18 SEPTEMBRE 2016
CREDO
XI. L’épreuve et la chute de nos premiers parents
C’EST ainsi qu’apparaît dès l’origine l’épreuve en laquelle se marque notre dépendance et dont nous avons à tirer chaque jour des leçons de crainte pour notre naturelle instabilité et de prudence salutaire. L’épreuve d’Adam et Ève devait être le révélateur de la gratuité de la grâce et de l’inimaginable misère de l’homme ! Le Sage l’a noté en termes décisifs : « Que sait-il, celui qui n’a pas été mis à l’épreuve. » (Si 34, 10)
Le meilleur – je le dis après bien des années d’étude et de réflexion – est de prendre le Livre de la Genèse, au chapitre troisième, dans sa pleine signification de récit historique inspiré. Il me paraît impossible de l’interpréter symboliquement sans en perdre la teneur essentielle, dont la réalité capitale commande tout l’avenir du monde. Relisons-le ensemble. Il est d’une vie, d’une profondeur, d’une immuable plénitude où se discerne l’Esprit de Dieu, son Auteur principal. Il est donc, dans sa substance même, véridique. D’ailleurs, jamais aucun philosophe ni aucun savant n’a dépeint si exactement le cœur de l’homme et la première tragédie de notre histoire universelle.
L’ÉPREUVE
Adam et Ève étaient comblés au-delà de toute espérance et peut-être se seraient-ils amollis, peut-être auraient-ils oublié combien cette familiarité avec les Anges et Dieu même dépassait leur condition naturelle et leur mérite, si quelque loi divine ne leur avait rappelé leur dépendance et n’avait réclamé d’eux un effort d’attention, un sentiment de crainte, une vertu constante. Joyeux de dominer la Nature, satisfaits de leur amour mutuel, heureux de la douce Présence de Dieu, ils savent que tant de biens leur seront conservés tout autant qu’ils obéiront au Précepte qui leur a été donné. Celui-ci est infiniment grave dans son obligation et ses conséquences, mais il est d’une pratique peu onéreuse, ni vexatoire, ni douloureuse. Pour peu qu’ils eussent réfléchi, la sagesse de cette Loi les eût aidés à lui obéir. Des fruits, ils en avaient à satiété pour leurs désirs corporels, et l’arbre de vie leur donnait une jeunesse chaque jour nouvelle. Quant à la Science du bien et du mal, ils devaient comprendre que toute créature ne peut la recevoir que de Dieu Seul et non pas la posséder en propre, par expérience immédiate et directe ! Au contraire, se soumettre était entrer par l’humilité, la sagesse et l’amour, en partage des biens divins...

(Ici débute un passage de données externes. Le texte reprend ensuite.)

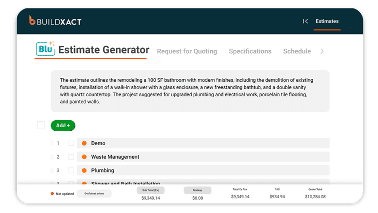 Buildxact gives you an entire digital toolbox for comprehensive home construction management. Save time on bid requests with efficient takeoffs, estimates, schedules and invoices. Buildxact makes construction project management easy with office-to-job site scheduling, accounting integration, cost tracking, and more.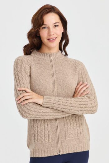 - Desen Triko Kadın Dik Yaka Yün Hırka-23203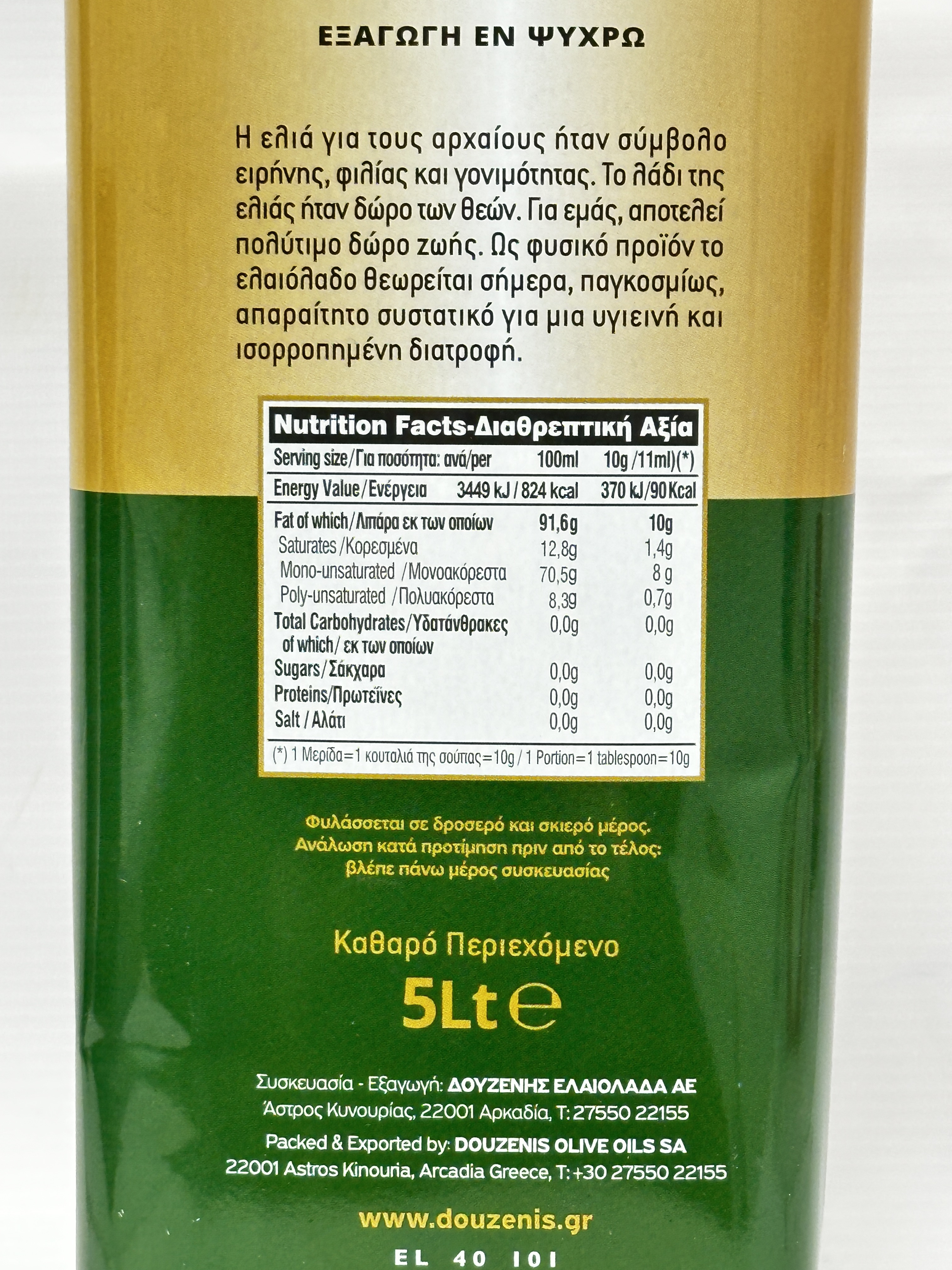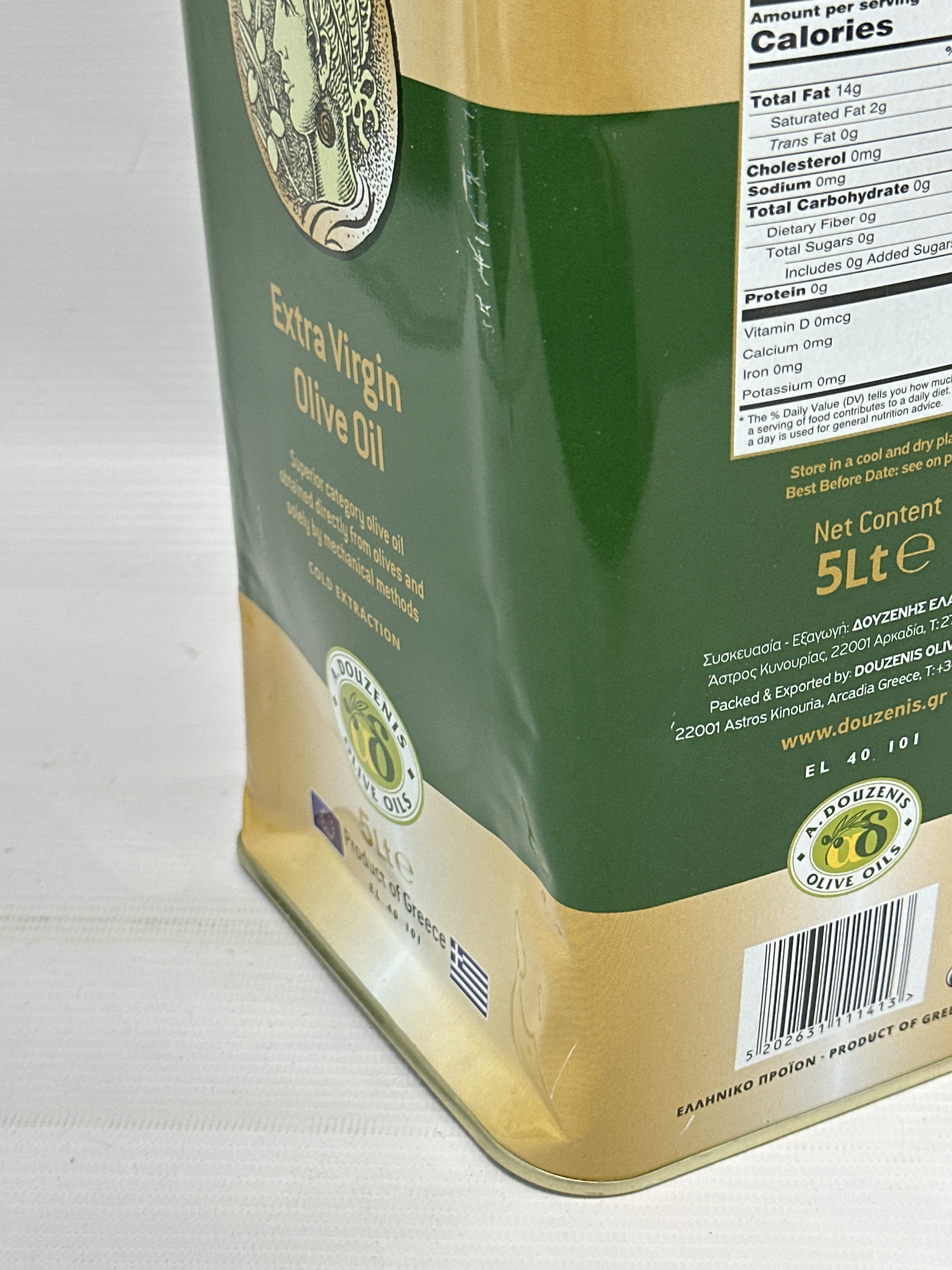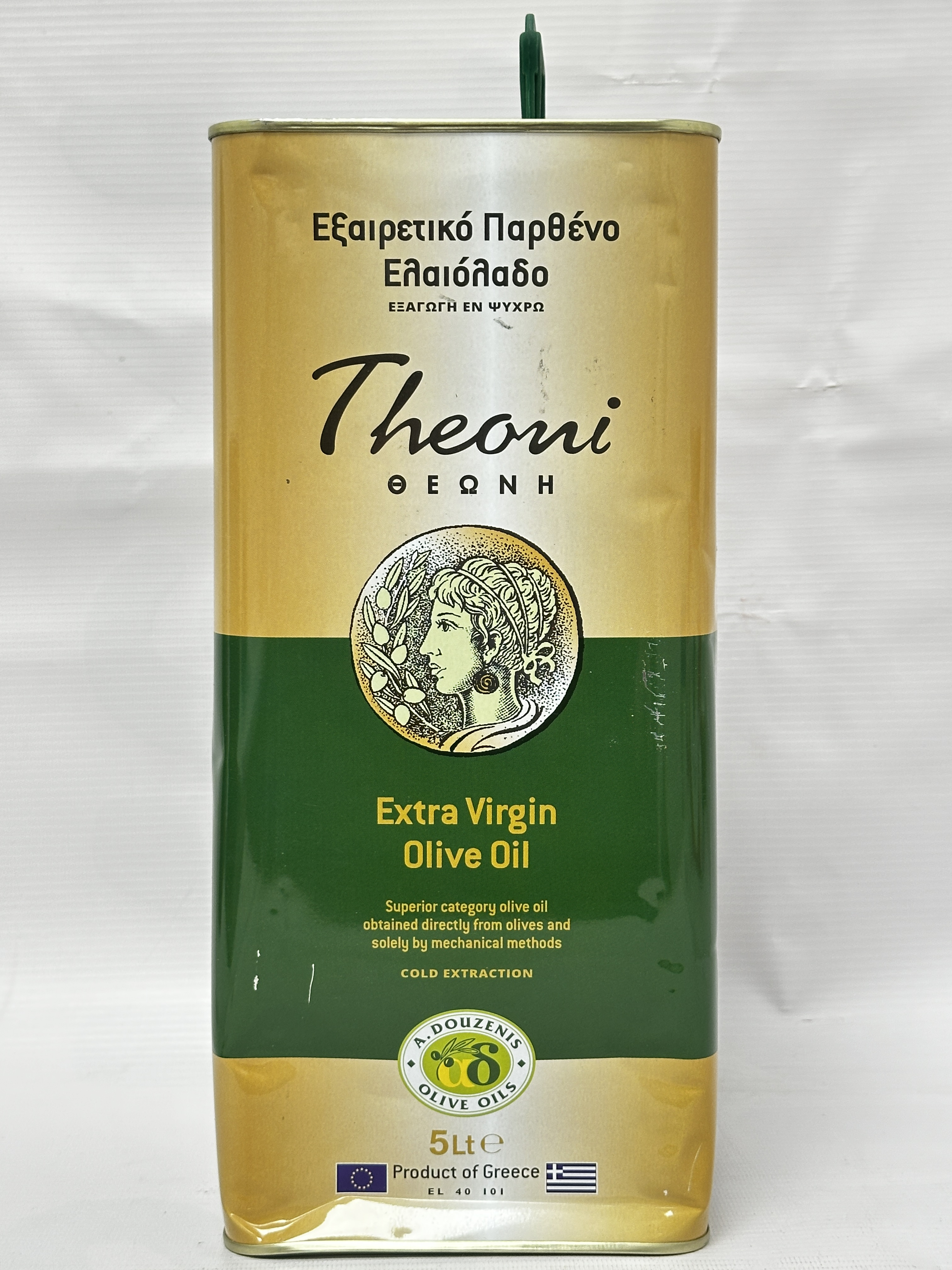 Theoni Extra Virgin Olive Oil is a 5 litre Greek olive oil in a practical tin, suitable for everyday cooking and kitchen use. This extra virgin olive oil is described on pack as a superior category olive oil obtained directly from olives and solely by mechanical methods.

Mais le Démon survient pour un premier assaut. Celui-là aurait été suivi de bien d’autres sans doute. Mais, en lui résistant, les hommes seraient devenus de plus en plus prudents et forts. L’histoire se serait déroulée parallèlement à celle que nous vivons, mais sur un autre plan. Ce n’est pas le lieu d’imaginer ici tout ce qui aurait pu être et qui, d’emblée, s’est trouvé perdu... Le Malin, pour atteindre l’humanité à la Tête, car il vise Adam, veut se faire d’Ève un instrument et compte ainsi prendre l’homme par son sentiment le plus pur et le plus noble (IIa-II ae, q. 165 a. 2). Il se présente à la femme sous un aspect inférieur, pour ne pas l’alarmer par l’étincellement de sa puissance intellectuelle. Mais sa dialectique est d’une terrible perfidie et prend la pauvre raison humaine dans son filet. Il « l’aide à réfléchir », comme on dit beaucoup de nos jours, et la pousse ainsi sur la voie fatale. Il n’élude pas le danger et le fait d’abord avouer à la femme, mortels de leur nature, nos premiers parents sont avertis que leur désobéissance sera punie de mort. Mais il promulgue alors sa Révélation à lui, contraire à celle de Dieu. Il accuse le Créateur de duplicité, de dissimulation et de faiblesse. S’ils mangent de ce fruit ils vivront, ils sauront toutes choses et, faisant l’expérience du mal après celle du bien, ils auront même puissance et même connaissance que leur Créateur : « Eritis sicut dii »,... vous serez comme des dieux !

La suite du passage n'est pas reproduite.